GameStop Stock Plummets 40% – Roaring Kitty's Meow Fails to Impress Wall Street

GameStop Stock Plummets 40% – Roaring Kitty's Meow Fails to Impress Wall Street

3 minute read
Published: 6/8/2024

Last Friday, GameStop shares tanked nearly 40%, a drop so steep it made the 2021 meme stock craze feel like fond memories of a college fling. This nosedive coincided with Keith Gill, better known as “Roaring Kitty,” making his grand return to YouTube for his first livestream in three years. Spoiler alert: It was less “Avengers: Endgame” and more “Caddyshack II” in terms of impact.

Gill, whose online antics had previously made GameStop the underdog hero of Wall Street Bets, had his latest effort amount to a resounding thud. Despite over 600,000 starry-eyed viewers tuning into his pep talk, Gill’s livestream failed to ignite the same kind of investor fervor as before. The stock price briefly shot up nearly 50% when Gill teased his return, but reality, like gravity, eventually kicked in (source).

In his livestream, Gill provided a candid caveat: "You could lose it all," he warned, clarifying that his own overly aggressive investment style might not be the best life strategy for everyone else. Whether it was a statement resonating with refreshing honesty or a type of reverse psychology designed to lower expectations, it didn’t result in the anticipated investor stampede.

The catalyst for the downfall wasn't merely Roaring Kitty's tepid return. GameStop simultaneously announced a share sale to raise up to $3 billion (source), a move that investors responded to with all the enthusiasm of a toddler at a broccoli buffet. This latest share sale follows the company’s previous sale of 45 million shares last month, which netted them a cool $900 million. Clearly, the company is an adherent to the “if at first, you do succeed, but not hugely, try, try again” school of thought.

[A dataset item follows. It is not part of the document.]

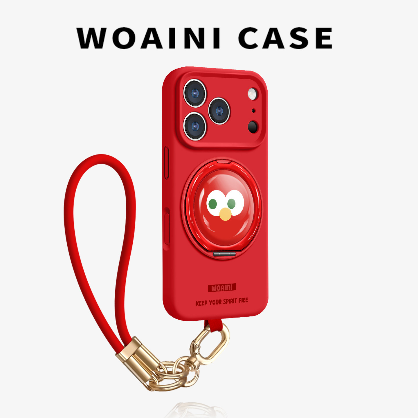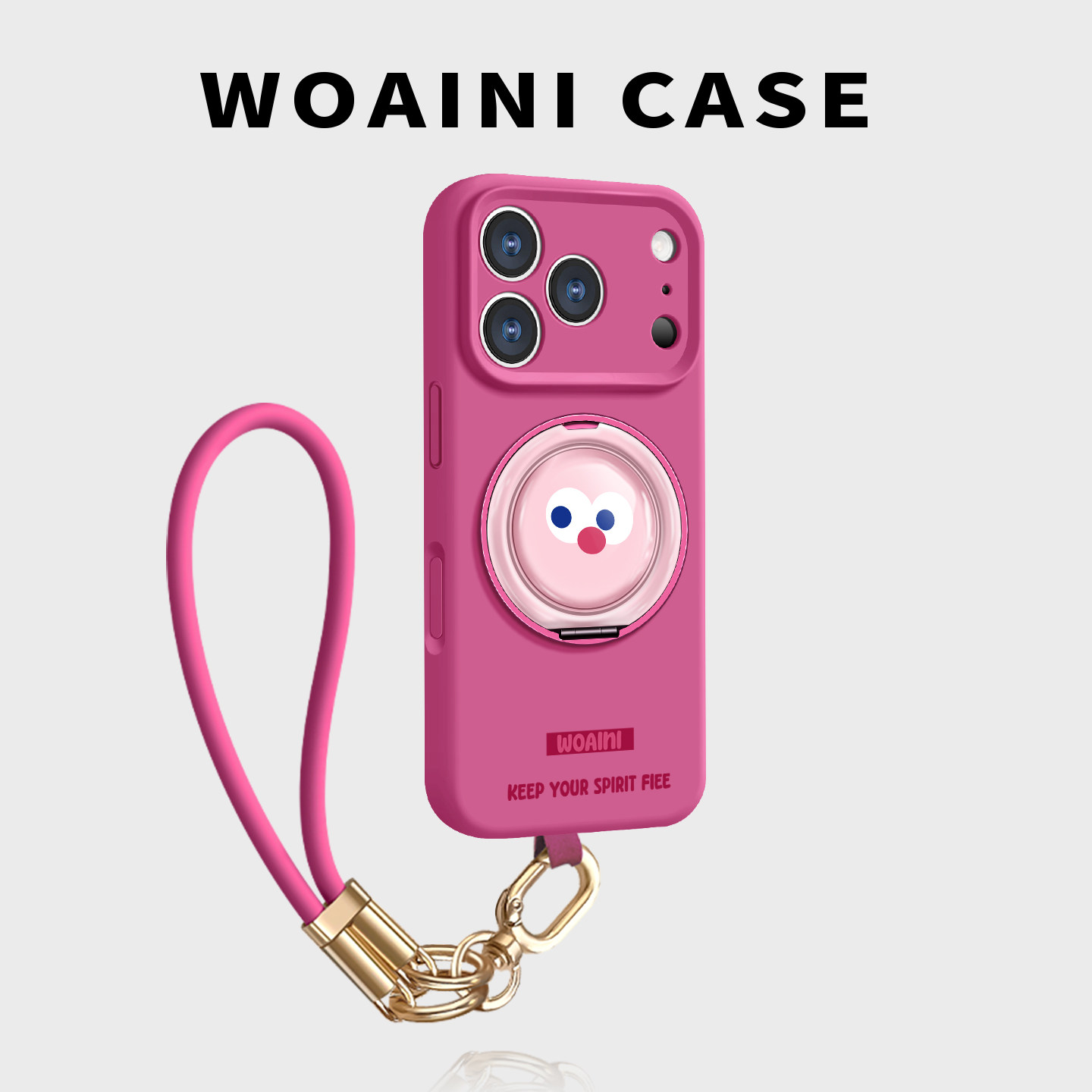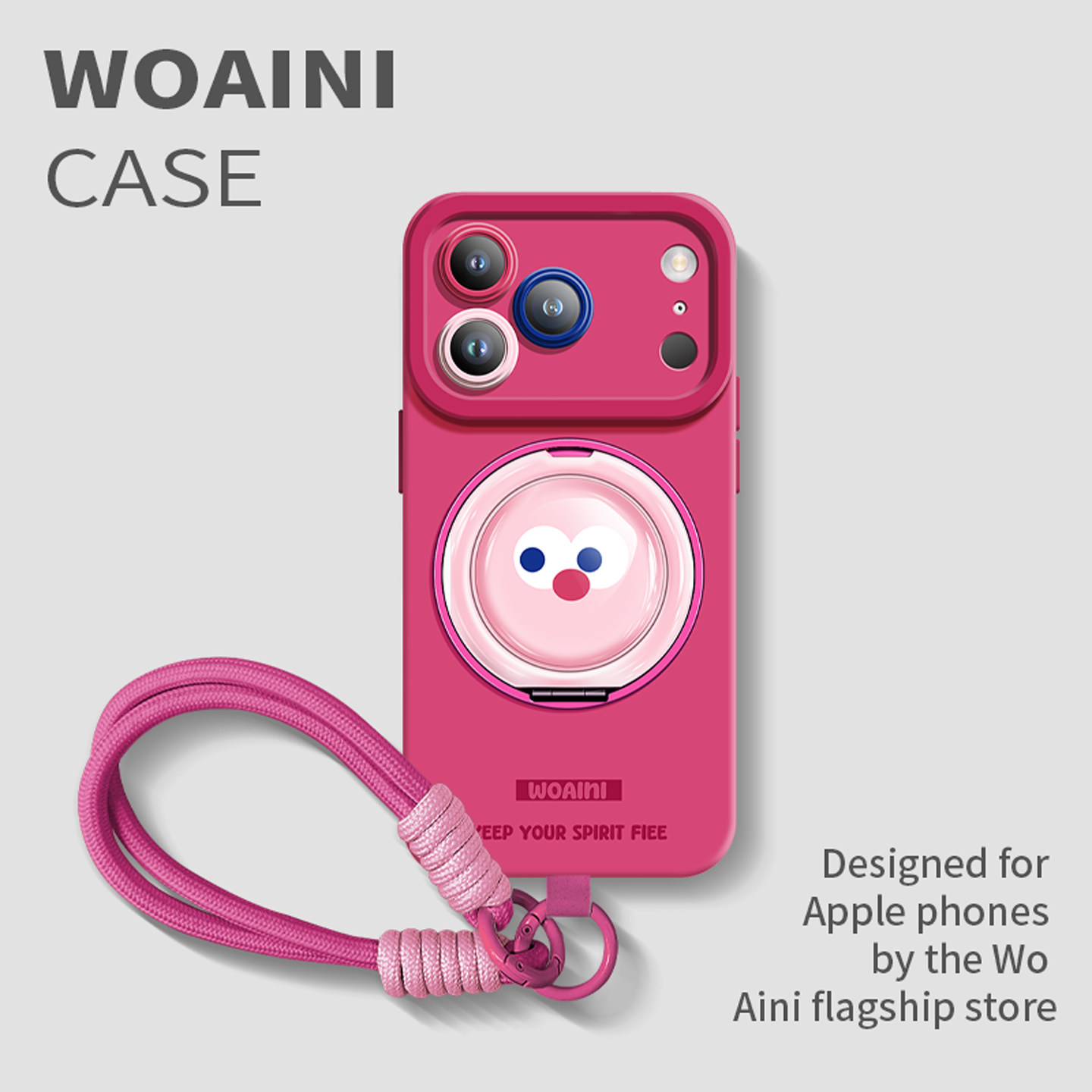 沃艾尼适用苹果17手机壳360旋转支架iPhone16promax软硅胶15大眼仔14plus网红13带挂绳17pm可爱卡通12防摔11

Just to keep investors on their toes, GameStop hastily reported its quarterly results four days ahead of schedule. Surprise! Or not. The results showed a decline in net sales from a year ago, making it a tad clearer where GameStop currently ranks on the financial health spectrum – somewhere around “anemic.”

Despite Gill’s expressed confidence in GameStop’s billionaire CEO Ryan Cohen, and Gill's past achievements of helping the stock rally by as much as 1,600%, his recent appeal wasn’t enough to stave off the grim reality. Further adding to the stocks’ woe, trading was halted several times ahead of and during Gill's livestream due to sheer chaos and volatility in the market (source).

Investors traded up to $10 billion worth of GameStop shares on that fateful Friday, a volume outdone only by heavyweights Nvidia and Apple. One can only imagine the delight on Wall Street, akin to watching a car crash in slow motion, for it seemed like everyone wanted a piece of the action – whether for profit, nostalgia, or simply the thrill of watching the stock market equivalent of a WWE match.

A domino effect rippled through the meme stock arena, with shares of other crowd darlings like AMC and Koss also tumbling. It’s as if meme stocks have taken a collective existential dip – perhaps having a midlife crisis now that the frenzy has worn off and reality has knocked at the door.

So, what now for GameStop? While the short-term looks as turbulent as a roller-coaster designed by M. C. Escher, the company’s long-term prospects remain a guessing game. Let's just say those still holding their shares likely have the same hopes pinned on Ryan Cohen's leadership as one does on horoscopes predicting sudden windfalls.

In conclusion, Keith Gill’s reemergence was unable to coat the stock in Teflon, the sudden share sale announcement left investors wary, and the disappointing fiscal results were simply the icing on this particularly bittersweet cake. It turns out, not every Roaring Kitty live stream can lead to purring profits.